EXERCISE DATA:
......
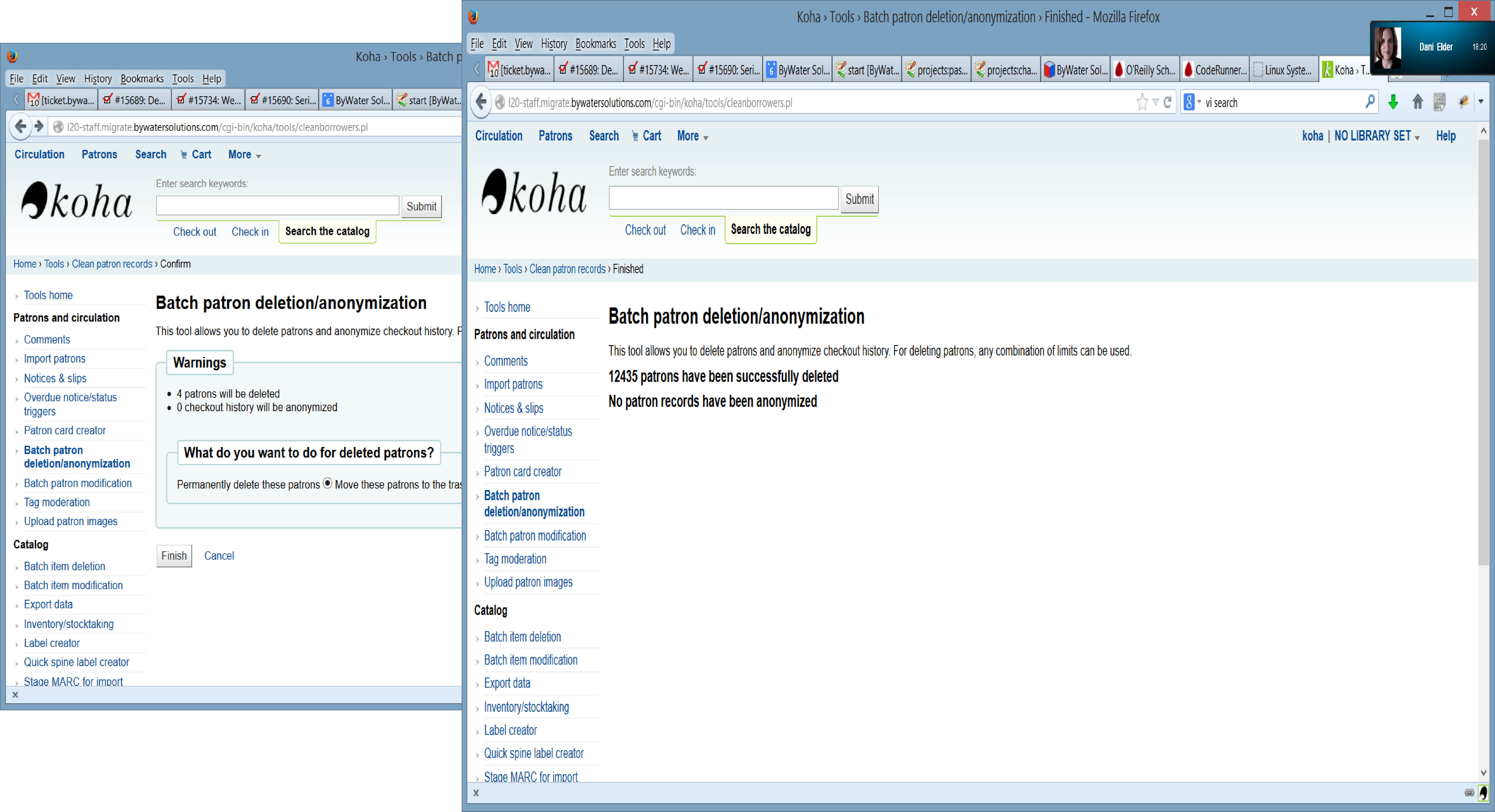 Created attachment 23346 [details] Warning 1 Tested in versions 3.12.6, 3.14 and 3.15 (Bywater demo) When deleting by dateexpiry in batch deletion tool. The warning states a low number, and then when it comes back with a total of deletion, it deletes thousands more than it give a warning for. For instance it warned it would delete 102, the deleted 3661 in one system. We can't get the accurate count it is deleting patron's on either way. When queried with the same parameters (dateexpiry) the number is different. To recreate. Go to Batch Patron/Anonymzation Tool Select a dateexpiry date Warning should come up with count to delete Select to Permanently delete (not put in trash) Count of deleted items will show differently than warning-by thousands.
......
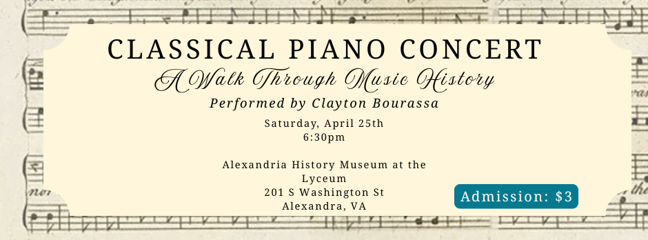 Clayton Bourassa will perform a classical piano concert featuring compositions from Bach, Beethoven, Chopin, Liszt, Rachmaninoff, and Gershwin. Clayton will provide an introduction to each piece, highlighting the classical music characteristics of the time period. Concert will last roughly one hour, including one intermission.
......
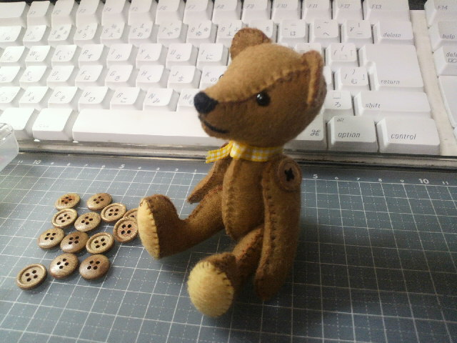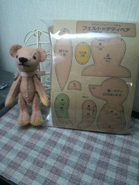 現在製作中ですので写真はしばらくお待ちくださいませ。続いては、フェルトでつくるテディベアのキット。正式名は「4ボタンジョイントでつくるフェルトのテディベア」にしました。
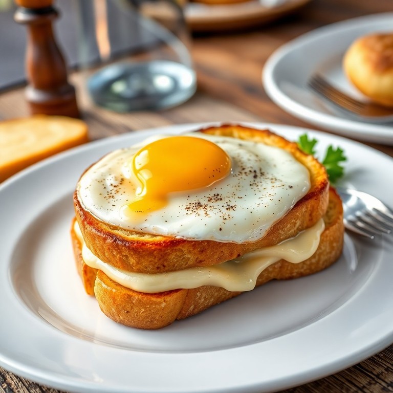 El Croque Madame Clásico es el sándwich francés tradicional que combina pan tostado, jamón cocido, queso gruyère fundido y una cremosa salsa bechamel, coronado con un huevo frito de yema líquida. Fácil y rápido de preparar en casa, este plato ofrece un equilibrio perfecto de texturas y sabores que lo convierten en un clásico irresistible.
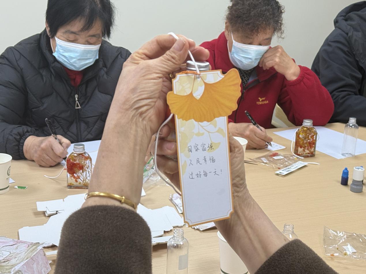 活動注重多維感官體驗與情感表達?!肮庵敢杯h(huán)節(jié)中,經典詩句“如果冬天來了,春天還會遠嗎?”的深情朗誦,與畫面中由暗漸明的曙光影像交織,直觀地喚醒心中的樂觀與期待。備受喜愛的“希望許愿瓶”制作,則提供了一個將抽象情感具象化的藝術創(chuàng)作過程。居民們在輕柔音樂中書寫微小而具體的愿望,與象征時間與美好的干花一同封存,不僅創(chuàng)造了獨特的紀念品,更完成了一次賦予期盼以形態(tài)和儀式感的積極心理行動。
......
WHAT NEEDS TO BE DONE:
Look above for the line with "El Croque Madame" and the line with "活動注重多維感官體驗與情感表", then restate exactly those two lines and all lines between them, with no pictures.

EXERCISE RESULT:
 El Croque Madame Clásico es el sándwich francés tradicional que combina pan tostado, jamón cocido, queso gruyère fundido y una cremosa salsa bechamel, coronado con un huevo frito de yema líquida. Fácil y rápido de preparar en casa, este plato ofrece un equilibrio perfecto de texturas y sabores que lo convierten en un clásico irresistible.
 活動注重多維感官體驗與情感表達?!肮庵敢杯h(huán)節(jié)中,經典詩句“如果冬天來了,春天還會遠嗎?”的深情朗誦,與畫面中由暗漸明的曙光影像交織,直觀地喚醒心中的樂觀與期待。備受喜愛的“希望許愿瓶”制作,則提供了一個將抽象情感具象化的藝術創(chuàng)作過程。居民們在輕柔音樂中書寫微小而具體的愿望,與象征時間與美好的干花一同封存,不僅創(chuàng)造了獨特的紀念品,更完成了一次賦予期盼以形態(tài)和儀式感的積極心理行動。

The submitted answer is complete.